Estes dados ligam-se a uma das principais questões anti-imigração: o alegado uso de "bebés-âncora" para conseguir entrar no país e prolongar a estadia. É a ideia de que as mulheres usam a gravidez e o bebé para "explorar" a proteção humanitária e internacional destinada a crianças. 

As crianças de famílias de migrantes podem tornar-se cidadãs italianas se nascerem em Itália e se lá ficarem a viver até aos 18 anos. Além disso, à chegada, se o migrante for menor de idade não pode ser expulso do país. Se houver dúvidas sobre a idade, são feitos testes para a determinar: "analisa-se a pele, os dentes", diz Tim Harison.

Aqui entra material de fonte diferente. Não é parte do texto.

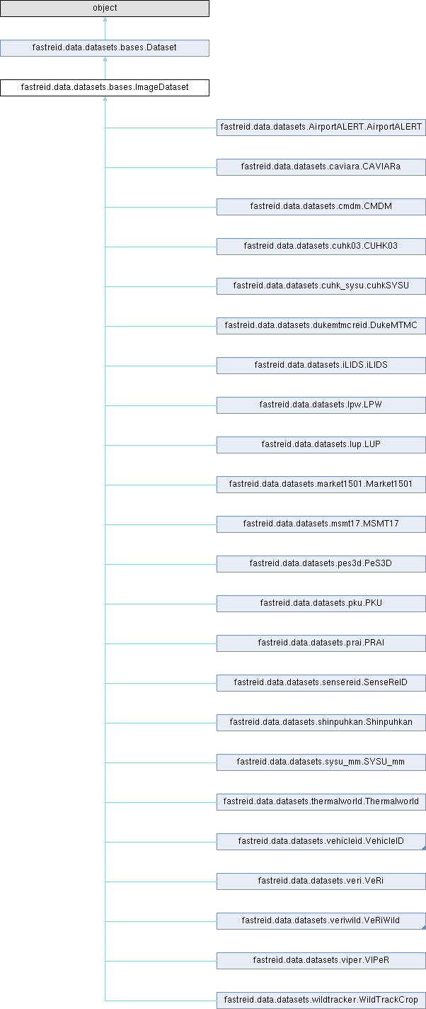 Reimplemented in fastreid.data.datasets.market1501.Market1501, fastreid.data.datasets.AirportALERT.AirportALERT, fastreid.data.datasets.caviara.CAVIARa, fastreid.data.datasets.cuhk_sysu.cuhkSYSU, fastreid.data.datasets.dukemtmcreid.DukeMTMC, fastreid.data.datasets.iLIDS.iLIDS, fastreid.data.datasets.lpw.LPW, fastreid.data.datasets.msmt17.MSMT17, fastreid.data.datasets.pes3d.PeS3D, fastreid.data.datasets.pku.PKU, fastreid.data.datasets.prai.PRAI, fastreid.data.datasets.sensereid.SenseReID, fastreid.data.datasets.shinpuhkan.Shinpuhkan, fastreid.data.datasets.sysu_mm.SYSU_mm, fastreid.data.datasets.thermalworld.Thermalworld, fastreid.data.datasets.vehicleid.SmallVehicleID, fastreid.data.datasets.vehicleid.MediumVehicleID, fastreid.data.datasets.vehicleid.LargeVehicleID, fastreid.data.datasets.veri.VeRi, fastreid.data.datasets.veriwild.SmallVeRiWild, fastreid.data.datasets.veriwild.MediumVeRiWild, fastreid.data.datasets.veriwild.LargeVeRiWild, fastreid.data.datasets.viper.VIPeR, fastreid.data.datasets.wildtracker.WildTrackCrop, fastreid.data.datasets.cmdm.CMDM, fastreid.data.datasets.veriwild.VeRiWild, fastreid.data.datasets.cuhk03.CUHK03, fastreid.data.datasets.lup.LUP, and fastreid.data.datasets.vehicleid.VehicleID.

Mas este dado é contrariado por outros factos. Um estudo da Lancet concluiu que sete em cada oito mulheres que tinham engravidado durante a travessia - a maioria depois de um ato de violação - queriam fazer um aborto. Parte delas não pede ajuda médica para o fazer porque têm medo de ser deportadas. 

A bordo há medicação contra doenças sexualmente transmissíveis, há produtos menstruais, há até uma parteira sempre disponível. No Aquarius já nasceram cinco bebés. Um deles foi acompanhado pelo enfermeiro Tim Harrison: uma mulher da Gâmbia entrou em trabalho de parto no barco onde vinha, rodeada de dezenas de pessoas. O bebé entrou no Aquarius ainda agarrado pelo cordão umbilical e a parteira da tripulação terminou o trabalho. 

Numa outra situação, o enfermeiro Tim teve de tratar um homem que tinha sido atingido por um tiro. O tempo é curto para resolver tudo e o sistema imunitário não responde logo ao tratamento, lamenta. Na próxima operação tenta-se outra vez.